++++ Data supplied ++++

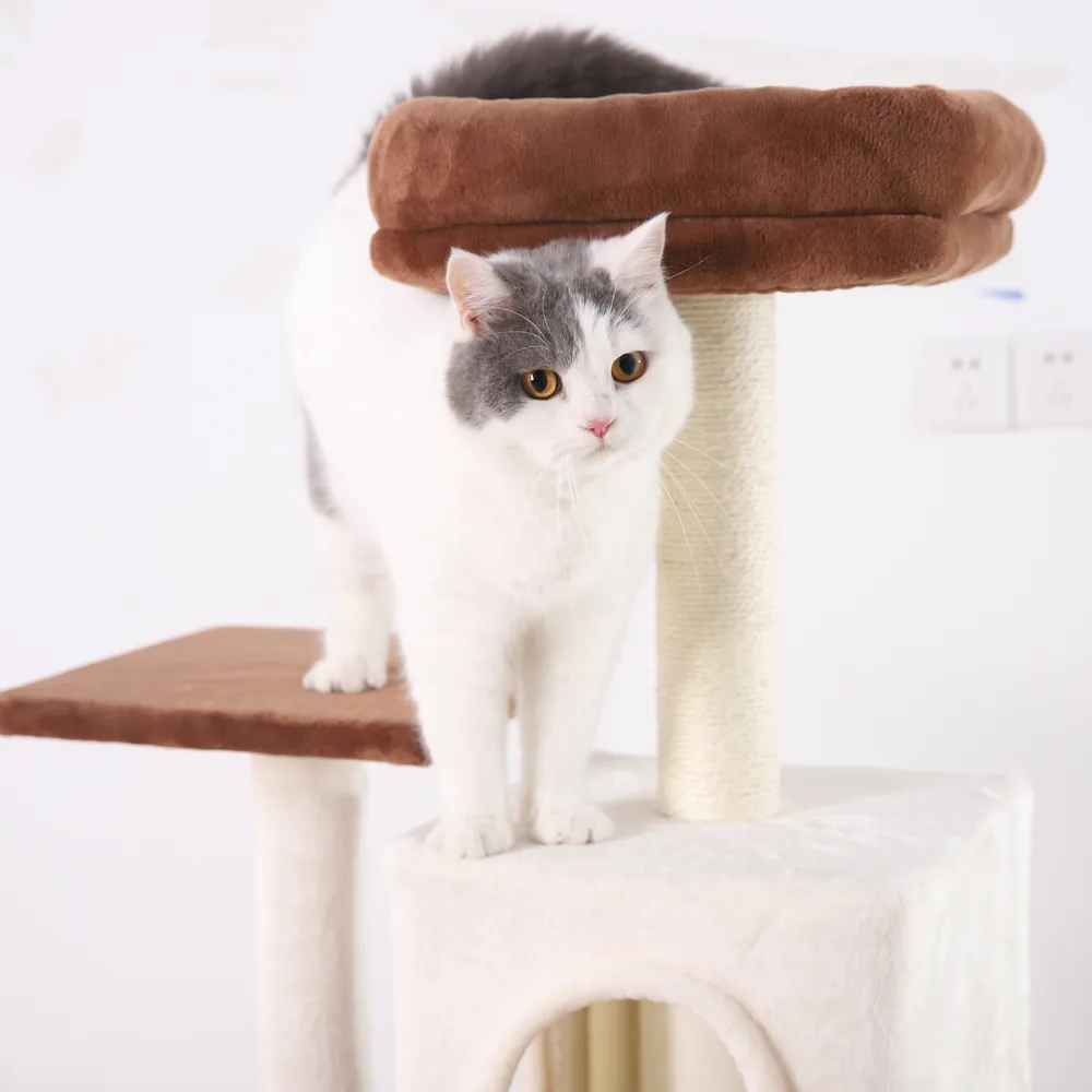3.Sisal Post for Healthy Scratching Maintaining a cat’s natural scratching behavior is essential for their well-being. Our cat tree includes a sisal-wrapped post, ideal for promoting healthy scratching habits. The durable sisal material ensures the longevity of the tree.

++++
++++ Data supplied ++++

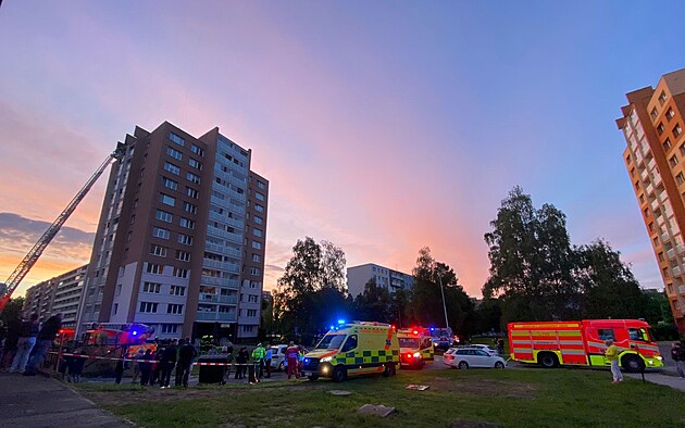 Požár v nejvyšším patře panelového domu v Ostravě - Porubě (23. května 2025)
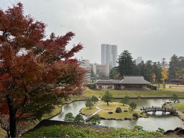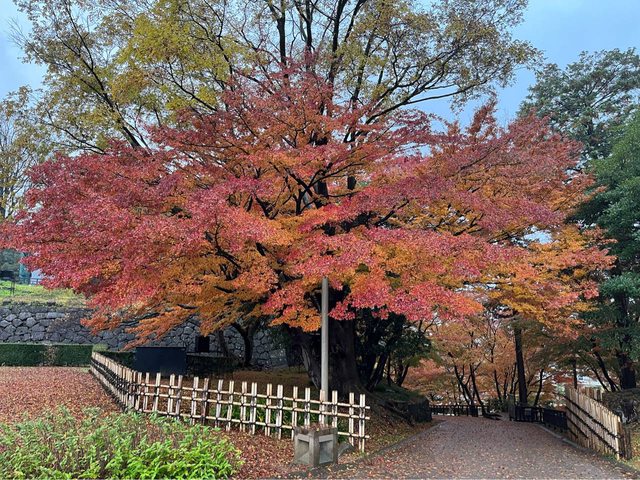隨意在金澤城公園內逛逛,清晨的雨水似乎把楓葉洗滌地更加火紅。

++++
++++ Data supplied ++++

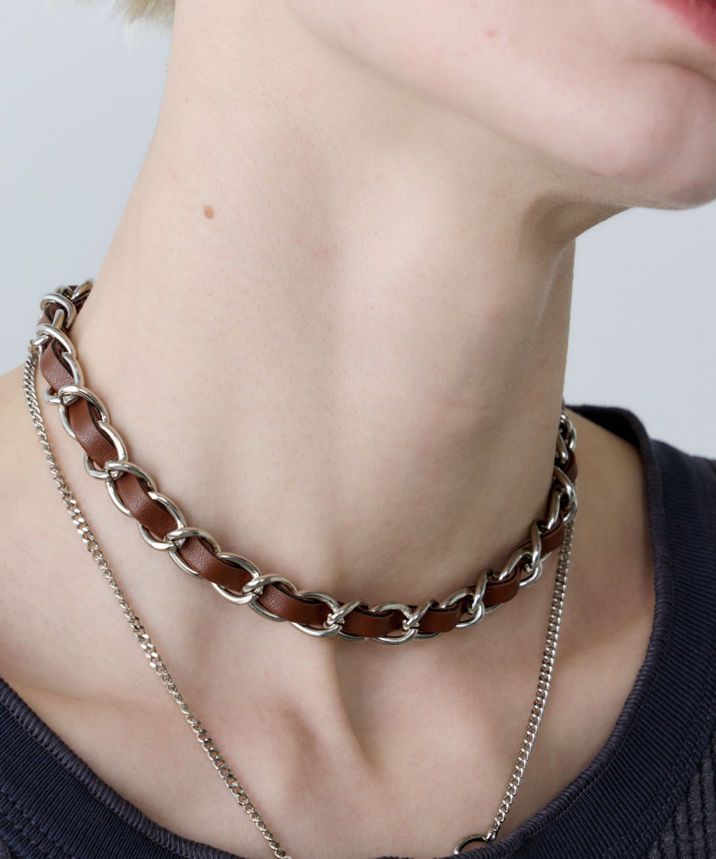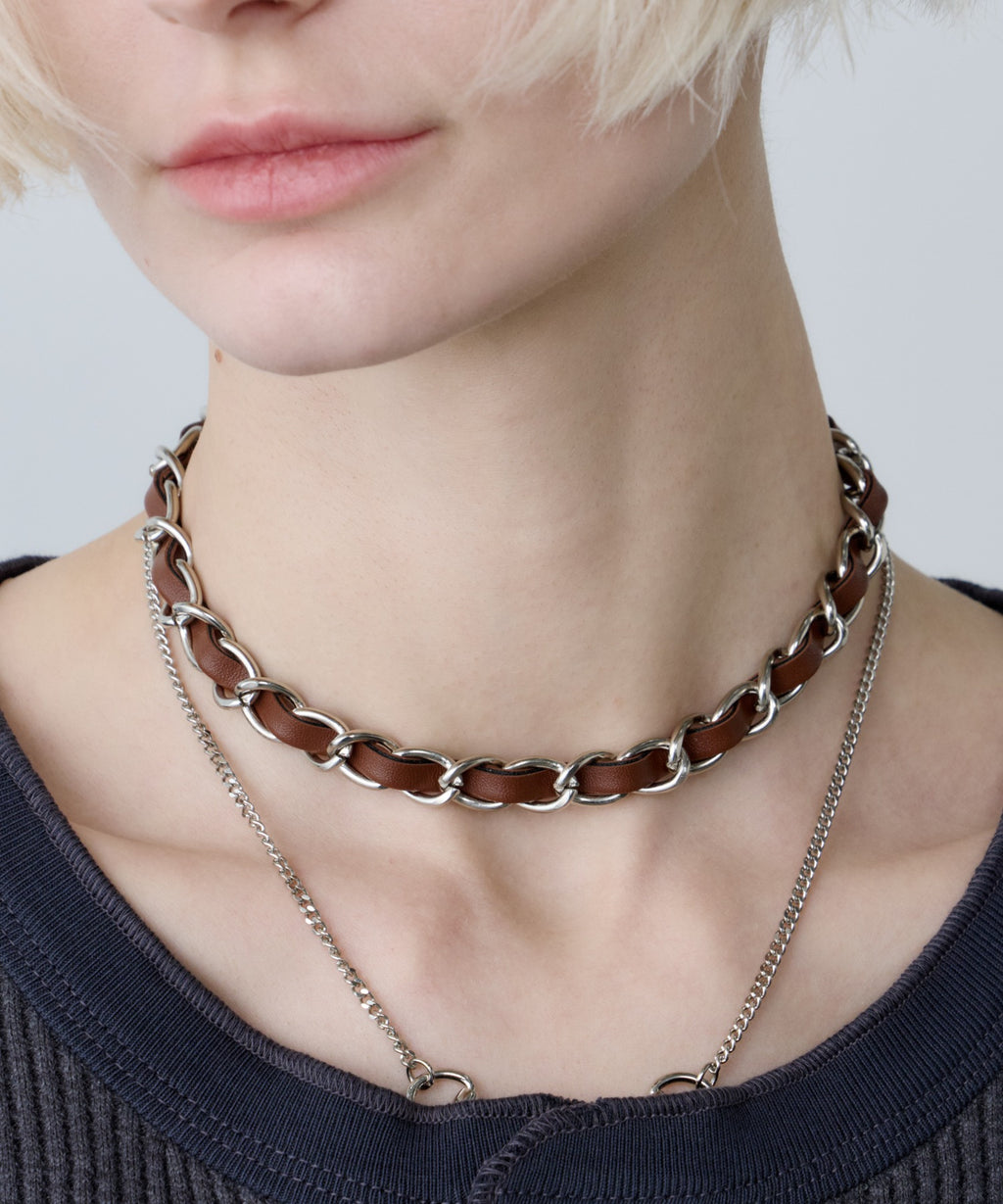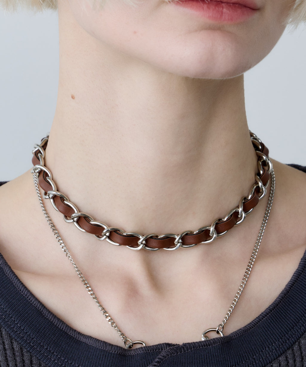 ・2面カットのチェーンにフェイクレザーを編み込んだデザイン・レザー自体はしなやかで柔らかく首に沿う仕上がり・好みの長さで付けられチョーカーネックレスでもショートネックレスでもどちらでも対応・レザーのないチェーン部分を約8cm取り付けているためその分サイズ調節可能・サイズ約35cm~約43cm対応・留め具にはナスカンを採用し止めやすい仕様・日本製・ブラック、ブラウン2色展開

++++

■ **Task item**: Leave out every picture, and copy exactly the lines above starting at the one holding "Požár v nejvyšším" and ending at the one holding "隨意在金澤城公園內逛逛,清晨的雨水似乎把楓葉洗滌地更加火紅。", no more and no less.

■ **Expected output**:
 Požár v nejvyšším patře panelového domu v Ostravě - Porubě (23. května 2025)
隨意在金澤城公園內逛逛,清晨的雨水似乎把楓葉洗滌地更加火紅。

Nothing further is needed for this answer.